The public key is publicly available for all smart-me meters in the cloud (also via API).
The customer verifies the hash of the data package with the public key.
Data packages
In order to keep the size of the data package and the amount of data required for transmission as small as possible, smart-me uses "Google Protocol Buffers" as the data format for the measured values. The data packages are structured as follows:
Signed meter values
message CounterValue {
optional bytes Obis = 1;
optional int64 Value = 2;
optional string Unit = 3;
}
message MeasurementValues
{
optional uint32 SerialNumber = 1;
optional uint32 TimestampUtc = 2;
repeated CounterValue Values = 3;
}
Measurement values
SerialNumber: The serial number of the meter (e.g. 6300000)

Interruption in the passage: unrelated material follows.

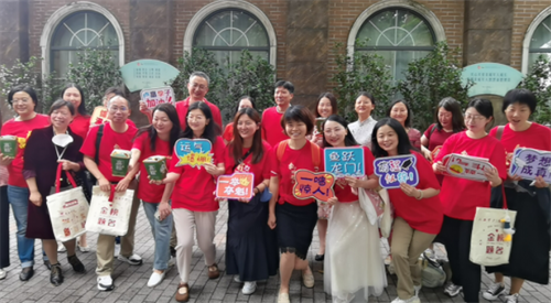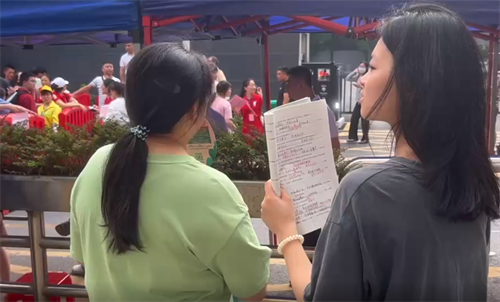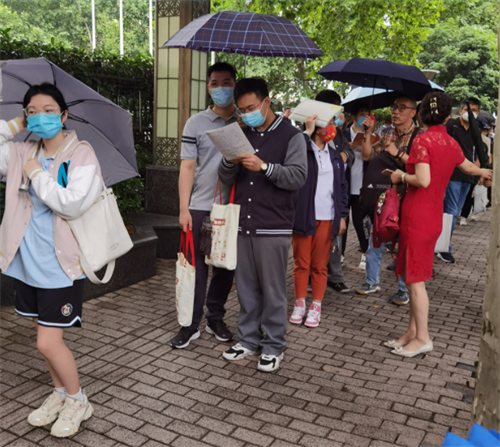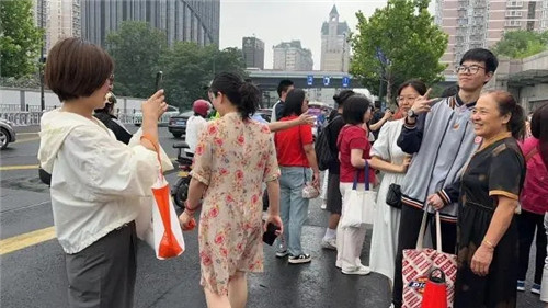 上海徐汇考区考场为妈妈着红色上衣为考生加油!

TimestampUtc: Unix Time Stamp (UTC) of this measurement data
Values: List with all measured values (CounterValue) in this data package.
CounterValue
Obis: OBIS code of the measured value (6 bytes). e.g.
{ 0x01, 0x00, 0x01, 0x08, 0x01, 0xFF } für 1-0:1.8.1*255 (Wirkenergie Bezug Tarif 1)
Value: The measured value
Unit: The unit of the measured value. For smart-me mostly mWh (milliwatt hours).
Signed transactions
Transactions consist of a start value and an end value.
message CounterValue {
optional bytes Obis = 1;
optional int64 Value = 2;
optional string Unit = 3;
}
message MeasurementValues
{
optional uint32 SerialNumber = 1;
optional uint32 TimestampUtc = 2;
repeated CounterValue Values = 3;
}
message Transaction
{
optional uint32 SerialNumber = 1;
optional uint32 TransactionNumber = 2;
optional int64 UserId = 3;
optional MeasurementValues StartValues = 4;
optional MeasurementValues EndValues = 5;
}
Transaktion
SerialNumber: The serial number of the meter (e.g. 6300000)
TransactionNumber: The number of the transaction. This number counts up for each transaction.
UserId: The ID of the user who started this transaction.
StartValues: The measured values at the beginning of the transaction (see above)
EndValues: The readings at the end of the transaction (see above)
Example
This example shows the validation of a signed transaction.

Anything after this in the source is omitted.